- Mottoes: "Spicer is Nicer" and "Explore Spicer"
- Location of Spicer, Minnesota
- Coordinates: 45°13′59″N 94°56′24″W﻿ / ﻿45.23306°N 94.94000°W
- Country: United States
- State: Minnesota
- County: Kandiyohi

Area
- • Total: 1.20 sq mi (3.12 km^{2})
- • Land: 1.20 sq mi (3.10 km^{2})
- • Water: 0.0077 sq mi (0.02 km^{2})
- Elevation: 1,171 ft (357 m)

Population (2020)
- • Total: 1,112
- • Density: 928.9/sq mi (358.66/km^{2})
- Time zone: UTC-6 (Central (CST))
- • Summer (DST): UTC-5 (CDT)
- ZIP code: 56288
- Area code: 320
- FIPS code: 27-61690
- GNIS feature ID: 2395925
- Website: https://cityofspicer.com/

= Spicer, Minnesota =

City in Minnesota, United States

Spicer is a city in Kandiyohi County, Minnesota, United States situated on Green Lake. As of the 2020 census, Spicer had a population of 1,112. Sibley State Park and many surrounding lakes are nearby.
==History==
Spicer was platted in 1886, and named for John M. Spicer, the original owner of the town site. A post office has been in operation at Spicer since 1886.

==Geography==

Nest Lake in Spicer - June 2008

According to the United States Census Bureau, the city has an area of 1.15 sqmi, of which 1.14 sqmi is land and 0.01 sqmi is water. Minnesota State Highway 23 serves as a main route in the city, and U.S. Route 71 is nearby.

==Demographics==

Historical population
| Census | Pop. | Note | %± |
| 1910 | 228 |  | — |
| 1920 | 299 |  | 31.1% |
| 1930 | 290 |  | −3.0% |
| 1940 | 480 |  | 65.5% |
| 1950 | 566 |  | 17.9% |
| 1960 | 589 |  | 4.1% |
| 1970 | 586 |  | −0.5% |
| 1980 | 909 |  | 55.1% |
| 1990 | 1,020 |  | 12.2% |
| 2000 | 1,129 |  | 10.7% |
| 2010 | 1,167 |  | 3.4% |
| 2020 | 1,112 |  | −4.7% |
U.S. Decennial Census

===2010 census===
As of the census of 2010, there were 1,167 people, 520 households, and 312 families residing in the city. The population density was 1023.7 PD/sqmi. There were 621 housing units at an average density of 544.7 /sqmi. The racial makeup of the city was 98.2% White, 0.1% African American, 0.4% Native American, 0.2% Asian, 0.2% from other races, and 0.9% from two or more races. Hispanic or Latino of any race were 4.1% of the population.
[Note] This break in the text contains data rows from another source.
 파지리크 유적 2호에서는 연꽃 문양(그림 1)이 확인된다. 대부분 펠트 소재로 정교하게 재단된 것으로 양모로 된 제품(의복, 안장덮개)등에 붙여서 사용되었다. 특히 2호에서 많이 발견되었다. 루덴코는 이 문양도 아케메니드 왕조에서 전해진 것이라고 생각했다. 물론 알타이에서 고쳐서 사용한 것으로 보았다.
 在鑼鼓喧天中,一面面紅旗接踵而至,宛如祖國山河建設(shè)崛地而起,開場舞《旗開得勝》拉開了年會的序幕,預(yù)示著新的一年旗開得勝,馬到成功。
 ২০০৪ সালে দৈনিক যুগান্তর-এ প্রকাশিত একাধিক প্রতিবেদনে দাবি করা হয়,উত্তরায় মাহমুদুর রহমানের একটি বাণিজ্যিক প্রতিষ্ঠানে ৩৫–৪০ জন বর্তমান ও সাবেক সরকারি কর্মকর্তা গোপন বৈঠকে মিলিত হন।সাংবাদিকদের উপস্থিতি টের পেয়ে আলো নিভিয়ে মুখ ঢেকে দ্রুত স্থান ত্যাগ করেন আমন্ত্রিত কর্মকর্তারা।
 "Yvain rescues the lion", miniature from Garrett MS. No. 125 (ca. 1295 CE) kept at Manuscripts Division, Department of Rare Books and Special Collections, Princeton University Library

There were 520 households, of which 27.3% had children under the age of 18 living with them, 47.7% were married couples living together, 9.6% had a female householder with no husband present, 2.7% had a male householder with no wife present, and 40.0% were non-families. 34.8% of all households were made up of individuals, and 15.7% had someone living alone who was 65 years of age or older. The average household size was 2.20 and the average family size was 2.85.

The median age in the city was 40.4 years. 22.7% of residents were under the age of 18; 7.1% were between the ages of 18 and 24; 25.3% were from 25 to 44; 26.1% were from 45 to 64; and 18.9% were 65 years of age or older. The gender makeup of the city was 48.8% male and 51.2% female.

===2000 census===
As of the census of 2000, there were 1,126 people residing in the city. The population density was 1,038.4 PD/sqmi. There were 605 housing units at an average density of 557.9 /sqmi. The racial makeup of the city was 98.76% White, 0.18% African American, 0.18% Native American, 0.09% Asian, 0.36% from other races, and 0.44% from two or more races. Hispanic or Latino of any race were 0.71% of the population.
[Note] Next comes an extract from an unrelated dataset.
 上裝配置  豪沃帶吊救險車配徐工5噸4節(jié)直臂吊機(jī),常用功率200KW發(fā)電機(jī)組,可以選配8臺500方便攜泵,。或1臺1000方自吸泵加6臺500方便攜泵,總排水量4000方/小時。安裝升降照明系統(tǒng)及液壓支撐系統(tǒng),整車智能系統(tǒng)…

There were 528 households, out of which 26.1% had children under the age of 18 living with them, 46.8% were married couples living together, 8.5% had a female householder with no husband present, and 42.8% were non-families. 37.9% of all households were made up of individuals, and 21.0% had someone living alone who was 65 years of age or older. The average household size was 2.13 and the average family size was 2.82.

In the city, the population was spread out, with 21.3% under the age of 18, 9.4% from 18 to 24, 26.1% from 25 to 44, 22.6% from 45 to 64, and 20.6% who were 65 years of age or older. The median age was 41 years. For every 100 females, there were 92.2 males. For every 100 females age 18 and over, there were 86.9 males.
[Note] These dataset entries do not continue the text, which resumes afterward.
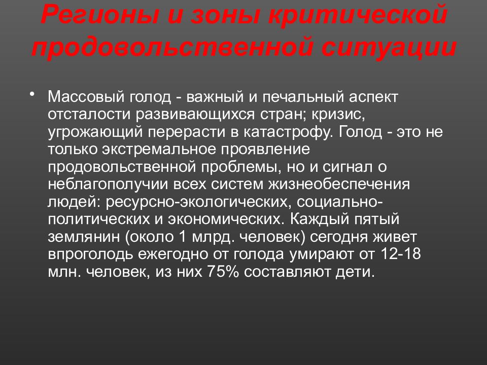 Массовый голод - важный и печальный аспект отсталости развивающихся стран; кризис, угрожающий перерасти в катастрофу. Голод - это не только экстремальное проявление продовольственной проблемы, но и сигнал о неблагополучии всех систем жизнеобеспечения людей: ресурсно-экологических, социально-политических и экономических. Каждый пятый землянин (около 1 млрд. человек) сегодня живет впроголодь ежегодно от голода умирают от 12-18 млн. человек, из них 75% составляют дети.
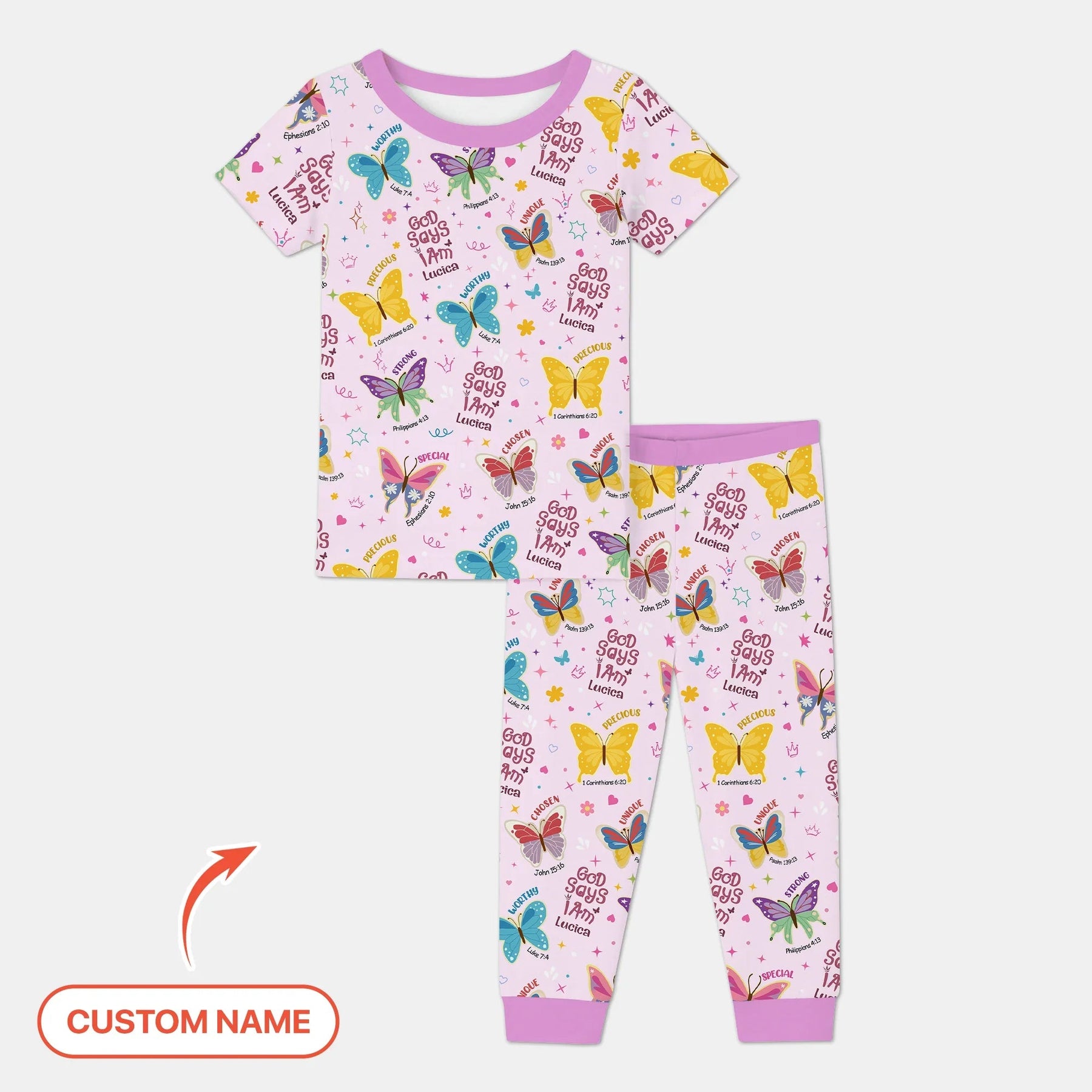 God Says I Am Custom Name GirlTwo Piece Short Sleeve Pajama Set - Zumbamboo
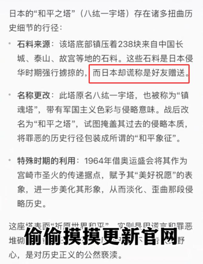 事情的起因很简单,宫崎县有一座著名的“地标建筑”,现在叫“和平之塔”。这塔基座上嵌着从世界各地弄来的石头,为了配合“和平”的人设,官网现在的口径变得极其温良恭俭让,声称这些石材是“来自友好国家的馈赠”,是“祈愿和平的基石”。这套“记忆消失术”玩得那是相当溜,仿佛只要网页上的字改了,当年的强盗逻辑就能变成邻里和睦的佳话。
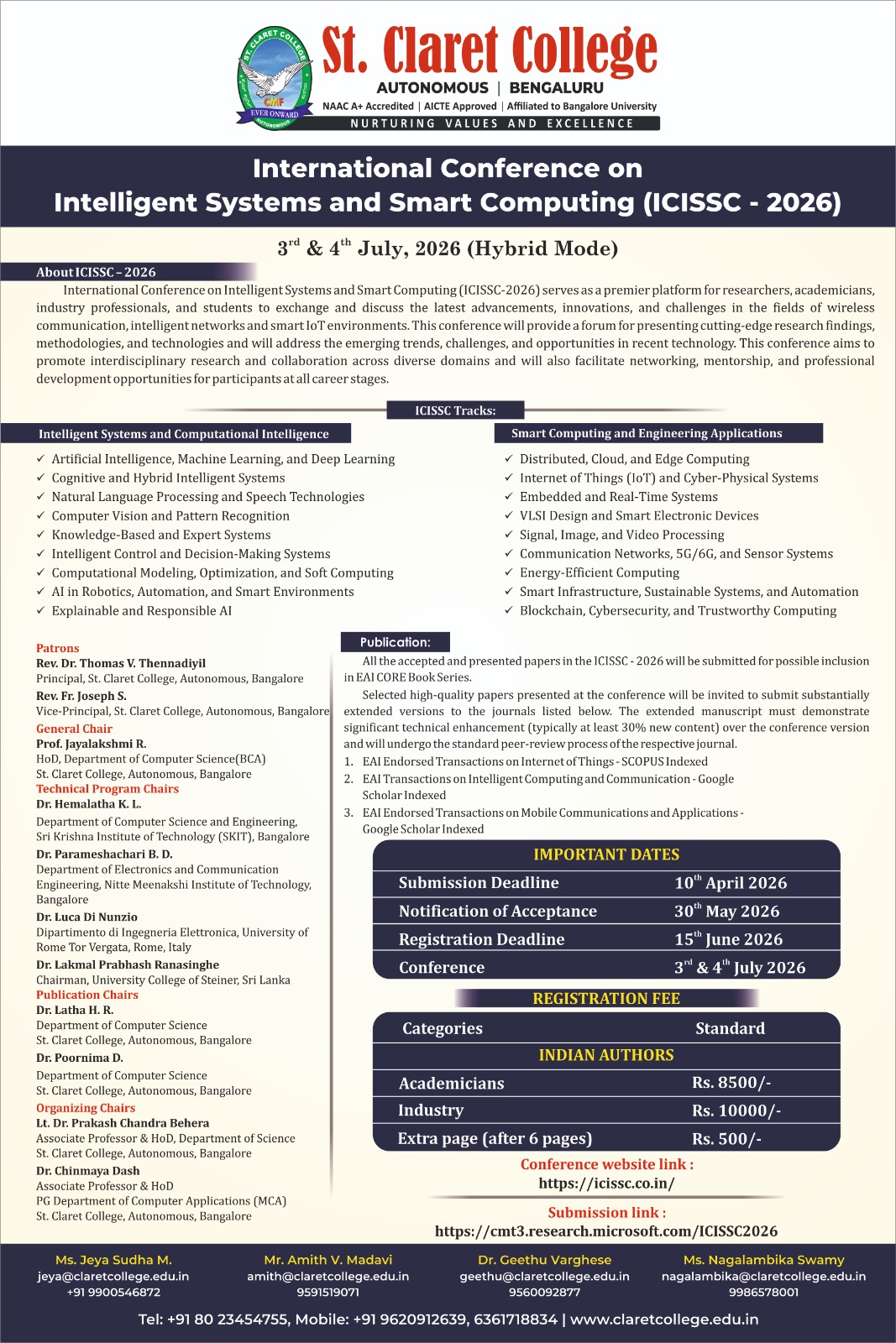 International Conference on Intelligent Systems and Smart Computing (ICISSC-2026) serves as a premier platform for researchers, academicians, industry professionals, and students to exchange and discuss the latest advancements, innovations, and challenges in the fields of wireless communication, intelligent networks and smart IoT environments. This conference will provide a forum for presenting cutting-edge research findings, methodologies, and technologies and will address the emerging trends, challenges, and opportunities in recent technology. This conference aims to promote interdisciplinary research and collaboration across diverse domains and will also facilitate networking, mentorship, and professional development opportunities for participants at all career stages.

The median income for a household in the city was $33,913, and the median income for a family was $48,542. Males had a median income of $36,477 versus $24,219 for females. The per capita income for the city was $21,103. About 5.5% of families and 8.7% of the population were below the poverty line, including 6.8% of those under the age of 18 and 13.5% of those 65 and older.